Il 25 marzo seguente il G. fu eletto tra i Conservatori di legge e, il 20 settembre, all'ufficio dei Dieci di libertà e pace, carica cui rinunciò per assumere, il 18 genn. 1501, quella di vicario del Valdarno di Sotto. Dal 1° genn. 1502 fu degli Otto di guardia e balia e il 30 marzo e il 6 aprile intervenne nelle consulte sulla linea da adottare a Pistoia per sedare la lotta tra i Panciatichi e i Cancellieri. Nell'aprile del 1502 fu inviato per quindici giorni come commissario a Volterra per provvedere ai lavori di manutenzione della fortezza; vi tornò dal 29 maggio all'8 giugno, assumendo poi la carica di capitano e commissario di quel territorio.
Il G. fu tra i tre cittadini candidati alla carica di gonfaloniere di Giustizia a vita: insieme con Piero Soderini e Tommaso Malegonnelle nel settembre 1502 partecipò allo scrutinio da cui, nel secondo ballottaggio, risultò vincitore il Soderini. Il G. ebbe l'appoggio dei frateschi, il movimento savonaroliano, e fu terzo.
Come membro dei Dieci di libertà e pace - ufficio tenuto dal 10 dic. 1502 - prese parte attiva ai dibattiti politici, come quello sulla ribellione di Arezzo e la fuga delle genti d'arme con il conseguente abbandono delle fortezze, sostenendo la necessità di offrire denaro al re di Francia per non perderne l'alleanza. Il 23 settembre, insieme con Giuliano di Andrea Puccini, fu tra i Cinque conservatori del contado e dal 10 giugno 1504 fu ancora dei Dieci di libertà e pace.

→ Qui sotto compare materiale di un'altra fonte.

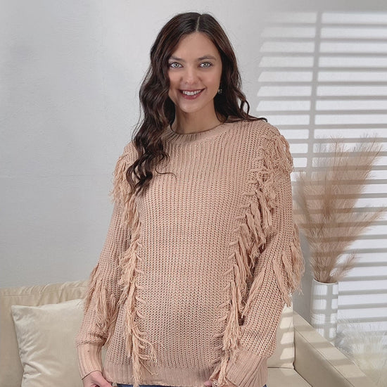 Este suéter Dusty Pink es perfecto para un look divertido y relajado. Con su tejido elástico y sus exclusivos detalles de borlas, es cómodo y elegante. Añade un toque divertido a tu guardarropa con este acogedor suéter de manga larga.
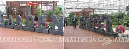 一進(jìn)入室內(nèi),首先映入眼簾的就是“GARDEN CENTER”(花園中心)幾個(gè)大字,仔細(xì)一看,上面還有流水青煙,十分吸引人的眼球。花園中心內(nèi)不僅展示了各式各樣的室內(nèi)植物、庭院植物,更有各種肥料、工具等園林資材展示。

Quando, nel luglio 1505, il condottiero Bartolomeo d'Alviano, secondo quanto informava Pandolfo Petrucci da Siena, era diretto a Piombino e di lì a Pisa attraverso la Maremma senese per radunare truppe, il G. si espresse per il prolungamento della missione di Niccolò Machiavelli presso il Petrucci per indagare sulle sue intenzioni. Il 22 ag. 1505 fu nominato ufficiale sopra l'arbitrio (una forma di tassazione straordinaria), insieme con Girolamo Fortini; dal 4 genn. 1506 assunse la carica di capitano di Cortona e dal 10 dicembre fu ancora dei Dieci di libertà e pace. Il 28 sett. 1507 ebbe l'ufficio di conservatore di legge.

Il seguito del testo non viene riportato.